---
title: "delaydiscount"
output: rmarkdown::html_vignette
vignette: >
  %\VignetteIndexEntry{delaydiscount}
  %\VignetteEngine{knitr::rmarkdown}
  %\VignetteEncoding{UTF-8}
---

```{r, include = FALSE}
knitr::opts_chunk$set(
  collapse = TRUE,
  comment = "#>"
)
```

```{r setup}
library(delaydiscount)
```

The delaydiscount package is intended to be used to analyze delay discounting data using
the linearized hyperbolic model proposed by Hinds, et al. (2026). To analyze discounting data with this package, you should first get your data in the format expected by the package.

Our package expects to take data in long format, meaning that for each subject 
within group, for each delay, the measurement of the indifference point 
constitutes one observation in the data frame. It expects the data frame to contain
variables named 

* group: Intervention identifier.

* subj: Subject identifier.

* delay: The length of time for which the indifference point is measured.
 This must be a positive value.

* indiff: A value between 0 and 1 (exclusive) expressing the proportion of a
 maximum reward the subject would need to receive to not favor waiting the delay
 to receive the maximum reward.

For each subject within group, the indifference point is expected to be measured for the same set of delays, exactly once for each delay.

Samples are assumed to be independent between different groups.
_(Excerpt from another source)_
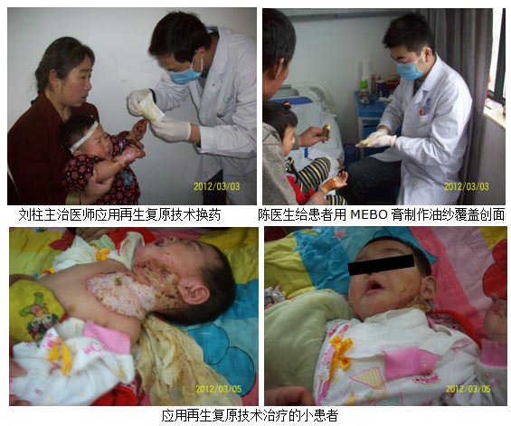 2011年11月14日~17日,杜福勤主任再次來到燒傷整形科,在齊國選主任的帶領(lǐng)下看望了住院的燒傷和整形患者,并給予再生技術(shù)規(guī)范換藥。15日給予示范換藥治療后,得到患者及家屬的認(rèn)可和歡迎,特別是幼兒患者,應(yīng)用再生技術(shù)換藥后患兒立即停止哭鬧。16日,應(yīng)用MEBO創(chuàng)瘍貼給頸胸部燙傷患兒和上下肢燒傷植過自體皮的患兒換藥治療,收到了良好的臨床效果。

If a subject is in multiple groups, this assumption would be violated. The code will still run, but the analysis may not be valid. The analysis performed by this package would treat a subject in multiple groups as though the observations for that subject in different groups had come from different subjects.

We include the remedi dataset in our package as an example of a properly formatted dataset.

```{r}
head(remedi, n = 10L)
```

Once your delay discounting data is in the expected format, the next step is to 
run the `prepare_data_frame` function on the dataset, which performs helper 
calculations for our other functions.

```{r}
prep_remedi <- prepare_data_frame(remedi)
```

One of the things that the `prepare_data_frame` function does is transform the delay
and indifference variables to linearize the model.

Note that the hyperbolic model for the discounting curve is $D(t) = \frac{1}{1+kt}$.

Then we will have $\log(\frac{1}{D(t)} - 1) = \log(k) + \log(t)$.

We assume that the transformed observed indifference point $\tilde D(t_{ijc})$ will follow the model

$\log(\frac{1}{\tilde D(t_{ijc})} - 1) = \log(k_{ic}) + \log(t_{ijc}) + \epsilon_{ijc},$

where $\epsilon_{ijc} \sim N(0, \sigma^2)$, $i$ is an index for subject, $j$ an index for time point, and $c$ is an index for group, and

$\log(k_{ic}) \sim N(\theta_c, \frac{g\sigma^2}{T})$, where $\theta_c$ is the population mean of the $\log(k_{ic})$ for subjects in group $c$, and $T$ is the number of time points observed for each subject.

Using the prepared data frame, you can get estimates of the $log(k)$ values for
each subject using the `get_subj_est_ln_k` function.

```{r}
ln_k_ests <- get_subj_est_ln_k(prep_remedi)
head(ln_k_ests)
```

Our model treats the $\log(k)$ values for individual subjects as the result of a combination
of a fixed group effect and a random subject effect. To get the fit of the linearized
hyperbolic model, use the `dd_hyperbolic_model` function.

```{r}
model_fit <- dd_hyperbolic_model(prep_remedi)
```

The object produced by this method is a list containing several components.

The group mean $\log(k)$ estimates (i.e. the $\theta_c$) can be gotten from the `ln_k_mean` component.

```{r}
model_fit$ln_k_mean
```

These are estimates of the mean of the distribution from which the $\log(k_{ic})$ values for subjects in group $c$ have been realized.

The variance component estimates can be obtained from the `var` component.

```{r}
model_fit$var
```

`sigma_sq` is the estimate of the variance of the transformed indifference value
conditional on the subject effect.

`g` is related to the variance of the subject random effects: specifically, the
variance of the subject random effect is equal to $\frac{g\sigma^2}{T}$, where 
$T$ is the number of time points observed for each subject.

These mean and variance parameters are estimated through maximum likelihood 
estimation.

An overall F-test for the equality of all group mean parameters can be found in
the `model_test` component.

```{r}
model_fit$model_test
```

Pairwise F-tests for equality of group mean parameters can be obtained from the
`pairwise_f_tests` component. The data frame contains an F-test for each pair.

```{r}
model_fit$pairwise_f_tests
```

Note that, as with other R functions such as `lm` and `glm`, these p-values are not adjusted for multiplicity.

## Citation

Hinds, et al. (2026). "To linearize or not to linearize: That is the
Mazur delay discounting question", submitted to *Journal of Mathematical Psychology*.